Adil Nisar

Personal information
- Full name: Adil Nisar
- Born: 1 June 1978 (age 48) Lahore, Punjab, Pakistan
- Batting: Left-handed
- Bowling: Leg break
- Role: Batsman

Domestic team information
- 1995/96: Lahore City
- 1997/98: Islamabad
- 1997/98–2011/12: Water and Power Development Authority
- 1998/99–2001/02: Hyderabad
- 2003/04: Lahore
- 2004/05–2005/06: Quetta
- 2004/05–2005/06: Quetta Bears

Career statistics
| Competition | First-class | List A | Twenty20 |
| Matches | 116 | 93 | 5 |
| Runs scored | 6,519 | 3,065 | 57 |
| Batting average | 35.62 | 36.48 | 11.40 |
| 100s/50s | 10/32 | 5/17 | 0/0 |
| Top score | 232* | 131* | 26 |
| Balls bowled | 2,470 | 1,525 | 48 |
| Wickets | 27 | 44 | 5 |
| Bowling average | 46.07 | 29.15 | 13.40 |
| 5 wickets in innings | 0 | 0 | 0 |
| 10 wickets in match | 0 | 0 | 0 |
| Best bowling | 4/27 | 4/28 | 4/21 |
| Catches/stumpings | 103/– | 47/– | 1/– |
- Source: Cricinfo, 13 April 2026

= Adil Nisar =

Pakistani cricketer

Adil Nisar (born 1 June 1978) is a Pakistani former cricketer. Nisar was a left-handed batsman who bowled leg break. He was born in Lahore, Punjab.

Nisar played Pakistani domestic cricket from the 1995/96 season to the 2011/12 season. He made his first-class debut for Lahore City in 1995/96, later representing Islamabad, Water and Power Development Authority (WAPDA), Hyderabad, Lahore and Quetta in first-class cricket. In limited-overs cricket, he played mainly for Water and Power Development Authority and also represented Quetta Bears in List A and Twenty20 matches. He also represented Pakistan Under-19s in Under-19 Tests and Under-19 ODIs between 1994/95 and 1996/97.

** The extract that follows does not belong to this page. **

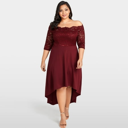 Women Off Shoulder Party Dress Plus Size Lace Scalloped Irregular Hem Nightclub Vestidos Dress Walmart Canada
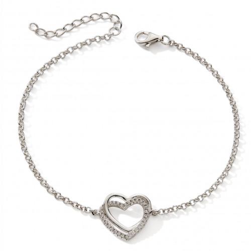 Bracelet femme coeurs entrelacés en argent 925/1000 rhodié dont un serti d'oxydes de zirconium.

By the early 2000s, Nisar was captaining WAPDA in one-day cricket. In March 2003, he scored 96 in WAPDA's semi-final victory over Khan Research Laboratories in the NBP One-day Cup, sharing a third-wicket partnership of 179 with Rizwan Malik. In December 2003, he made an unbeaten 143 against Bangladesh A in the Patron's Trophy. During the 2005/06 Patron's Trophy, he scored an unbeaten 232 against Service Industries, the highest first-class score of his career.